3- De cualquier forma, ese esfuerzo parece inútil. ¿Las bendiciones de Dios no se extienden por todo el Universo?

Si permaneces dentro de una piscina morirás de sed, aunque estés rodeado de agua, si no abres la boca. La oración es más o menos eso: un “abrir de boca”, espiritualmente hablando, para que recibamos las bendiciones de Dios.

4- ¿Puede hacerse pedidos a Dios?

Claro. ¿Qué hijo está impedido de pedir algo al padre? Pero ten cuidado. Las personas quedan decepcionadas, dado que acostumbran a pedir lo que no pueden recibir o esperar soluciones para problemas que dependen de ellas.

5- ¿Podrías explicarlo mejor?

Si pierdes una pierna en un accidente, te quedarás muy frustrado si pides a Dios que te haga nacer otra.
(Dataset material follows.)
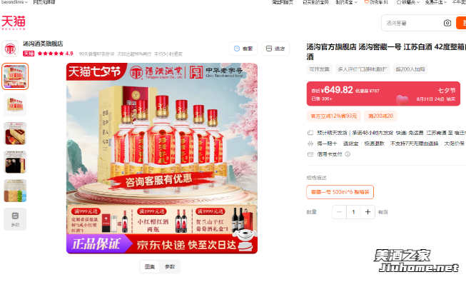 根据上图汤沟官方旗舰店的售价,整箱(1*6)的汤沟窖藏一号42度酒浓香型,七夕价是650元。

Por otro lado, si estás desempleado la oración no te llevará el empleo a tu casa. Sera más conveniente salir a buscarlo.

6- ¿Qué debemos pedir?

Según enseña una vieja oración, debemos pedir fuerzas para soportar lo que no puede ser cambiado (vivir sin una pierna); disposición para cambiar lo que debe ser cambiado (superar el desempleo), y discernimiento para distinguir entre las dos situaciones.

7- ¿Cómo debemos orar?

Esa misma pregunta fue hecha por los discípulos de Jesús. Él respondió con el Padre Nuestro. Entretanto es necesario considerar que no se trata de una formula verbal, cuya eficiencia este subordinado a la repetición. Jesús apenas indica los sentimientos que debemos movilizar en la oración.

8- ¿Oración seria, entonces, sentimiento?

Sin duda, los mejores sentimientos. Cuando, por ejemplo, Jesús dice: “Perdona nuestras deudas, así como nosotros perdonamos a nuestros deudores”, significa que nadie conseguirá una autentica comunión con el Cielo si conserva rencores en su corazón. ¿Como pedir bendiciones al Padre, guardando rabia de sus hijos?

Richard Simonetti
Extraído del libro “Não pise na bola” (No metas la pata)
Traducido por R. Bertolinni.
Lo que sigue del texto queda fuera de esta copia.